Nach der Fachhochschulreife an der Julius-Springer-Schule in Heidelberg war Zeitler zunächst vier Jahre bei der Bundeswehr gewesen, bevor er bei der Leimener Stadtverwaltung die Ausbildung zum Verwaltungswirt begann. "Als Soldat habe ich gut verdient", erzählt der heute 44-Jährige. "Als Azubi bei der Stadt hatte ich dann auf einmal nur noch die Hälfte." Doch er musste seine Wohnung in Leimen bezahlen und wollte auch nicht auf seinen Opel und sein Motorrad, eine "Suzuki Intruder 800", verzichten. Da kam das Angebot des "Schwimmbad Musikclubs" gerade recht. Zunächst bekam er 18 D-Mark pro Stunde, am Ende waren es elf Euro. "Das war ein guter Nebenverdienst und hat gereicht", sagt Zeitler. "Und es hat auch Spaß gemacht."
Marcus Zeitler wurde in der Regel an einem Abend unter der Woche von 19 bis 3 Uhr und in der Regel samstags - dann bis 5 Uhr - in einem Team mit sechs bis acht Personen eingesetzt. "Ich war meistens vor der Tür", sagt er. "Wir haben dafür gesorgt, dass die Regeln eingehalten werden." Die Philosophie des Clubs habe gelautet: "Jeder darf rein, solange er sich benimmt." Besondere Vorgaben für den Kleidungsstil gab es nicht. "99,8 Prozent kamen rein", so Zeitler. "Das Schöne war: Jeder hatte eine Chance."
Am Anfang habe er viel von seinen erfahrenen Kollegen gelernt, erzählt Zeitler.
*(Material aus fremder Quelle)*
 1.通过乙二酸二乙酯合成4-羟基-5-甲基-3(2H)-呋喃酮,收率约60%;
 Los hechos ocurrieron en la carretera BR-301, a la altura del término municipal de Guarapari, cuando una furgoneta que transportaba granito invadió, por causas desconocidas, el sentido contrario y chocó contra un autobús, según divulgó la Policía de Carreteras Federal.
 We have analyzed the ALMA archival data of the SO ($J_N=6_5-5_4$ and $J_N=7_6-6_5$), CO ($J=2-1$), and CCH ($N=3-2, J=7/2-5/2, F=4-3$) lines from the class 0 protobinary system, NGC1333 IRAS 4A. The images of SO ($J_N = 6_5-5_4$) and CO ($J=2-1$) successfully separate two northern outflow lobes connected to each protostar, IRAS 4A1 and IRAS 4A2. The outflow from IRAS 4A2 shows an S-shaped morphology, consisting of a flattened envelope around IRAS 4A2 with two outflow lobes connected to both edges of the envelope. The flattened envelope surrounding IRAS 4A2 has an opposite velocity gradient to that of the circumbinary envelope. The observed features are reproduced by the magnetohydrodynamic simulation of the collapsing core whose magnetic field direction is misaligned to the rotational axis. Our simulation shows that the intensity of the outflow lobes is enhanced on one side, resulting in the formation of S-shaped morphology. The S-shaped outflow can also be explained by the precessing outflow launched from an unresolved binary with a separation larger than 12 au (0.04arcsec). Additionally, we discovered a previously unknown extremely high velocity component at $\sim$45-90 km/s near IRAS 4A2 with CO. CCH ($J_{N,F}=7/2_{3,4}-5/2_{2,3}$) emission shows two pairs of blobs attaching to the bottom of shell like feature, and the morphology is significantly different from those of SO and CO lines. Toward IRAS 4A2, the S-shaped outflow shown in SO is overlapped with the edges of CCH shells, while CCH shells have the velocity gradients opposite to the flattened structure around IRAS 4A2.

Aber auch seine Körpergröße und sein breites Kreuz halfen dabei, sich Autorität zu verschaffen. "Das Wichtigste ist aber, dass man den Blick für Menschen hat", sagt er. "Alles wurde verbal mit Überzeugungskraft geregelt." An größere körperliche Auseinandersetzungen kann sich Zeitler nicht erinnern, es habe nie eine brenzlige Situation gegeben - obwohl an guten Abenden um die 1000 Besucher an ihm vorbeimussten. "Der beste Türsteher ist der, der nicht eingreifen muss", betont der Leimener.
Für sein Berufsleben habe er jede Menge Erfahrungen mitgenommen, so Zeitler: "Ich habe gelernt, mit unterschiedlichsten Menschen zu sprechen, mir ihre Probleme anzuhören, und für Ordnung zu sorgen", sagt Zeitler und schmunzelt: "Im Prinzip all das, was ein Bürgermeister auch macht." Außerdem habe er viele interessante Menschen kennengelernt: "Es sind Freundschaften entstanden, die bis heute halten."
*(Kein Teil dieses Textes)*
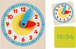 Een leuk en praktisch leersetje waarmee kinderen gemakkelijk uren, minuten leren herkennen en voormiddag/namiddag én analoge en digitale tijd leren onderscheiden. Een klok met verschuifbare wijzers op het deksel van het doosje en 12 dubbelzijdige houten kaartjes ondersteunen spelenderwijs leren en de ontwikkeling van logisch denken. Gemaakt van hoogwaardig hout met ongevaarlijke verven.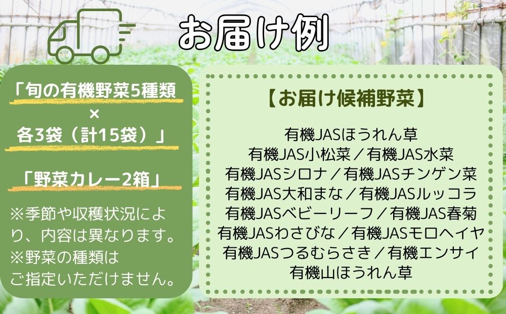 月1回:生産者チョイスセット 5種類各3袋 合計15袋 +カレー2箱 ※旬の野菜をお届けしますので、野菜の指定は出来兼ねます。 【原材料】 野菜 :有機野菜 カレー:野菜(人参、じゃがいも、玉ねぎ、大根)、鶏がらスープ、しめじ、ソテーオニオン、リンゴピューレ、小麦粉、トマトケチャップ、おろしにんにく、植物油脂(菜種)、砂糖、バター、カレー粉、醤油、おろししょうが、食塩、クミン、コリアンダー、大和まな粉末/カラメル色素(一部に小麦・乳成分・鶏肉・りんご・大豆を含む)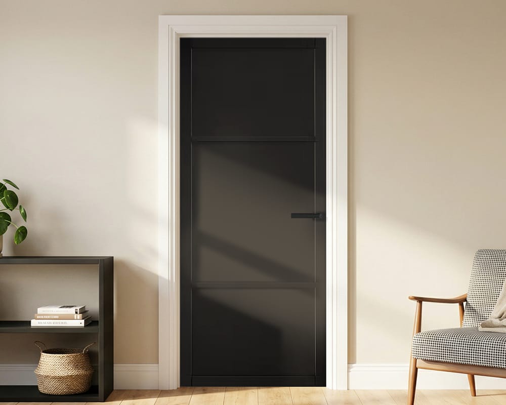 Our black single leaf doors make a brilliant choice for rooms that are built around minimalist or industrial interior design. Our glazed internal doors in particular with the sleek contrast of a black frame with glass panels create a complementary finish.

Besonders in Erinnerung geblieben ist Zeitler ein Auftritt der US-amerikanischen Rockband "Tito & Tarantula" um die Jahrtausendwende. Die Gruppe wurde durch ihren Auftritt im Film "From Dusk Till Dawn" weltweit bekannt. "Dafür habe ich mir extra freigenommen", weiß er noch.
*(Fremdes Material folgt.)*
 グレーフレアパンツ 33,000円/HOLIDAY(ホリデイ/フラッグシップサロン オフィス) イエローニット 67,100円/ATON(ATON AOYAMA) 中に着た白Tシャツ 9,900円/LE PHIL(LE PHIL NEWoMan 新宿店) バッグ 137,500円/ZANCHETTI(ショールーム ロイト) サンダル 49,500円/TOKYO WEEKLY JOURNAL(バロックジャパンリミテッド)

Als Zeitler im Jahr 2004 in den Kreistag gewählt wurde, beendete er seine Türsteher-Tätigkeit. "Es ging dann einfach zeitlich nicht mehr", sagt er. Danach war er bis zur Schließung Ende 2015 stets noch einmal im Jahr Gast. "Es ist schade, der Schwimmbad Musikclub hat eine ganze Generation geprägt", sagt Zeitler. "Mit ihm ist auch ein Stück Kultur verloren gegangen, die nicht zu ersetzen ist."